September 16: Controller’s “special investigation” of L+I | William Penn funding Indego expansion | Divine Lorraine groundbreaking

What began as a simple audit of L+I by the Controller’s office turned into a full-on “special investigation,” after the agency allegedly threw up roadblocks to information requests, reports Alfred Lubrano. The headline finding of the forthcoming report is that the agency is still allowing uncertified people to conduct building inspections, and “uses a computer system that allows data to be changed or overwritten without a trace.”

The William Penn Foundation donated $1.5 million to expand Indego stations to more underserved areas, near parks and riverfronts. Patrick Kerkstra thinks the program’s success is good news for ex-MOTU chief of staff Andrew Stober’s At-Large Council bid.

Stober’s answers to the 5th Square candidate questionnaire. 

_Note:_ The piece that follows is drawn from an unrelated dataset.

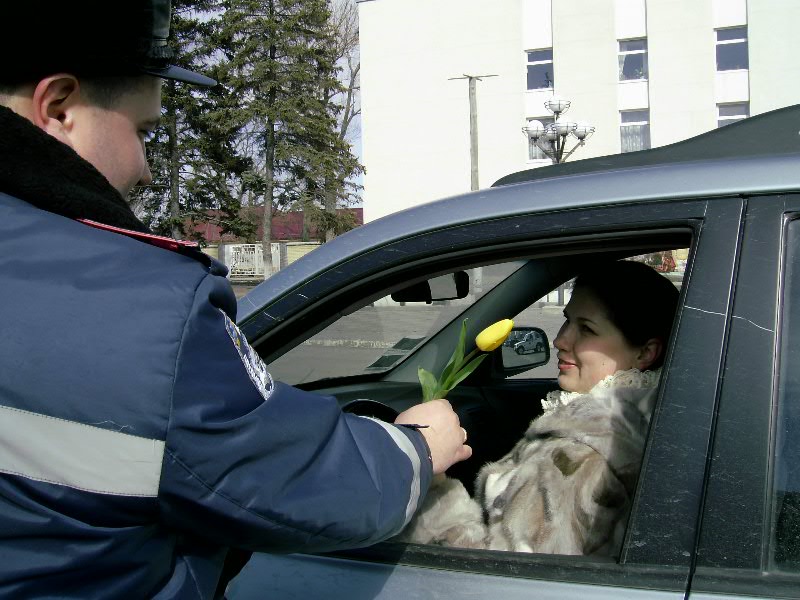В ходе этого необычного мероприятия стражи дорог намеренно и без всяких оснований с позиций ПДД останавливали автомашины, за рулем которых были представительницы прекрасного пола. Однако вместо составления административных протоколов инспекторы дорожной безопасности с улыбкой дарили цветы и теплые слова поздравления.

More suburban areas around the region are trying to incorporate more urban elements. James Jennings says a new King of Prussia lifestyle shopping center is hoping to mimic a “lively Philadelphia street experience.”

A new cheaper, more accurate way to measure pedestrian foot traffic. 

Cities, states, and provinces from the world’s largest developed countries signed onto some aggressive new greenhouse gas reduction targets in Los Angeles this week. Philly’s not on the list, but smaller cities than Philly are.

Daniel Hertz looks at how other countries’ zoning differs from American zoning. Namely, many fewer single-family residential zones.

There’s a Divine Lorraine pop-up shop you can visit after the groundbreaking today.

Additional sections of Camac Street’s wooden blocks need to be repaired, beyond the current replacement project.